The PIM community has long assumed interchangeability between bit-parallel (BP) and bit-serial (BS) data layouts, lacking workload-aware, systematic criteria for layout selection. Method: This work introduces the first workload-characteristic-driven data layout selection methodology, employing area-equivalent, cycle-accurate architectural modeling and comprehensive evaluation via MIMDRAM microbenchmarks and PIMBench application workloads. Contribution/Results: We identify the performance boundary between BP and BS layouts: BP excels in control-flow-intensive workloads, whereas BS significantly outperforms BP in low-precision AI computations. Our findings refute the implicit assumption of a universally optimal layout, establishing a theoretical foundation and practical framework for hybrid layout design. Crucially, we demonstrate that no single layout is optimal across diverse workloads—layout selection must be workload-specific.

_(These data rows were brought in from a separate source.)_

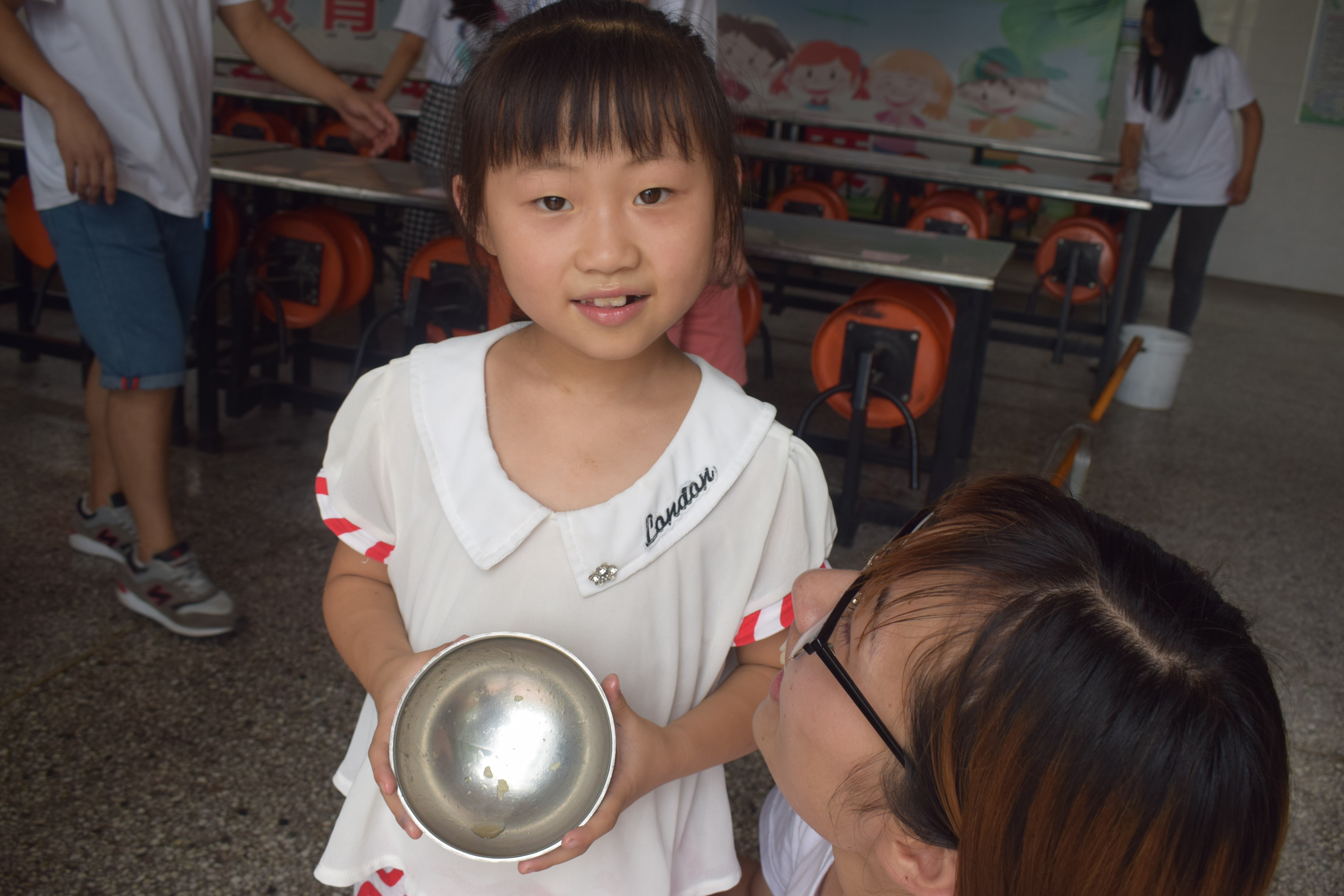 “老师,你看我的碗干净吗?”孩子们争先恐后的给队员展示干净的饭碗,脸上绽放出自豪的笑容。队员们积极响应落实习总书记反对浪费、厉行节约的要求,对孩子们提出了“光盘”要求,希望每位孩子能认真吃饭、节约粮食,监督孩子们将“光盘行动”落实到底。在吃饭后,孩子们还主动地将自己的饭碗洗净、放回原位,良好的用餐习惯逐步养成。
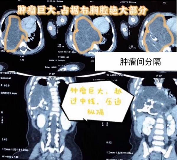 一周前,小彤彤因?yàn)闅獯⒑粑щy、惡心在當(dāng)?shù)蒯t(yī)院就診,胸片檢查提示隔膨升可能,為了明確診斷來到哈爾濱市兒童醫(yī)院心胸外科就診。戚家峰副主任為孩子進(jìn)一步進(jìn)行查體考慮是縱隔腫瘤,通過胸部CT增強(qiáng)造影檢查更加清晰的看到腫瘤的特殊性,該腫瘤幾乎占滿右側(cè)胸腔,縱隔被擠壓后導(dǎo)致移位,心臟、食管均有不同程度的受壓影響。而且這個(gè)巨大的腫瘤由很多分隔組成,分隔中含有的物質(zhì)又不同,有囊性組織、實(shí)性組織和鈣化組織,考慮畸胎瘤可能。
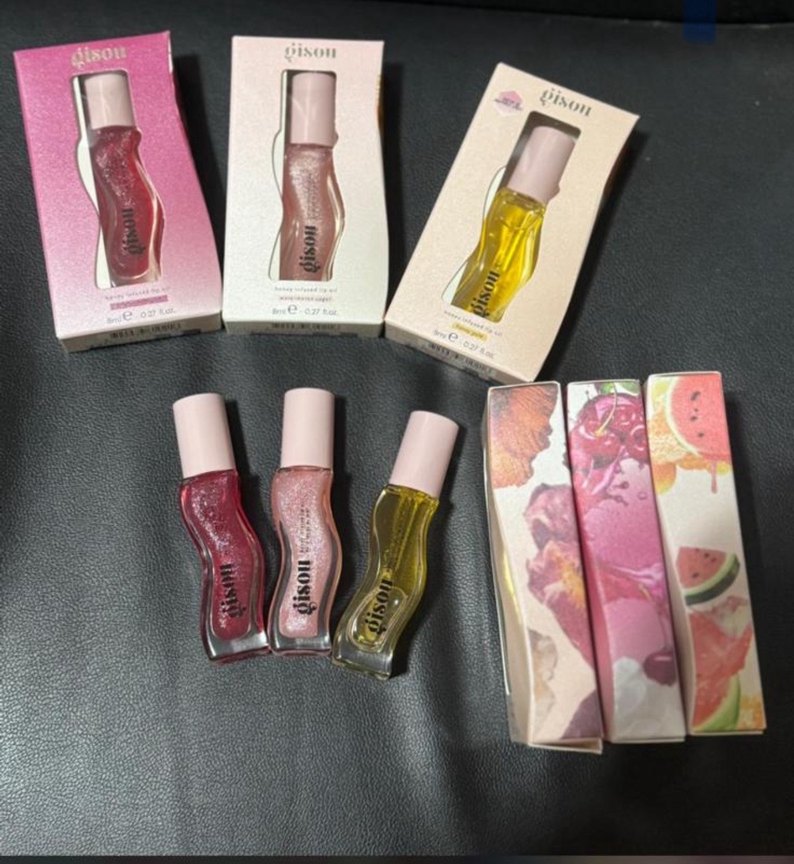 (3 üçlü set)Parlak bitişli pastel pembe lip gloss seti, hafif ışıltılı tonlar içerir. Küçük, kıvrımlı tasarımlı şişelerde paketlenmiştir.

Processing-in-Memory (PIM) is a promising approach to overcoming the memory-wall bottleneck. However, the PIM community has largely treated its two fundamental data layouts, Bit-Parallel (BP) and Bit-Serial (BS), as if they were interchangeable. This implicit "one-layout-fits-all" assumption, often hard-coded into existing evaluation frameworks, creates a critical gap: architects lack systematic, workload-driven guidelines for choosing the optimal data layout for their target applications. To address this gap, this paper presents the first systematic, workload-driven characterization of BP and BS PIM architectures. We develop iso-area, cycle-accurate BP and BS PIM architectural models and conduct a comprehensive evaluation using a diverse set of benchmarks. Our suite includes both fine-grained microworkloads from MIMDRAM to isolate specific operational characteristics, and large-scale applications from the PIMBench suite, such as the VGG network, to represent realistic end-to-end workloads. Our results quantitatively demonstrate that no single layout is universally superior; the optimal choice is strongly dependent on workload characteristics. BP excels on control-flow-intensive tasks with irregular memory access patterns, whereas BS shows substantial advantages in massively parallel, low-precision (e.g., INT4/INT8) computations common in AI. Based on this characterization, we distill a set of actionable design guidelines for architects. This work challenges the prevailing one-size-fits-all view on PIM data layouts and provides a principled foundation for designing next-generation, workload-aware, and potentially hybrid PIM systems.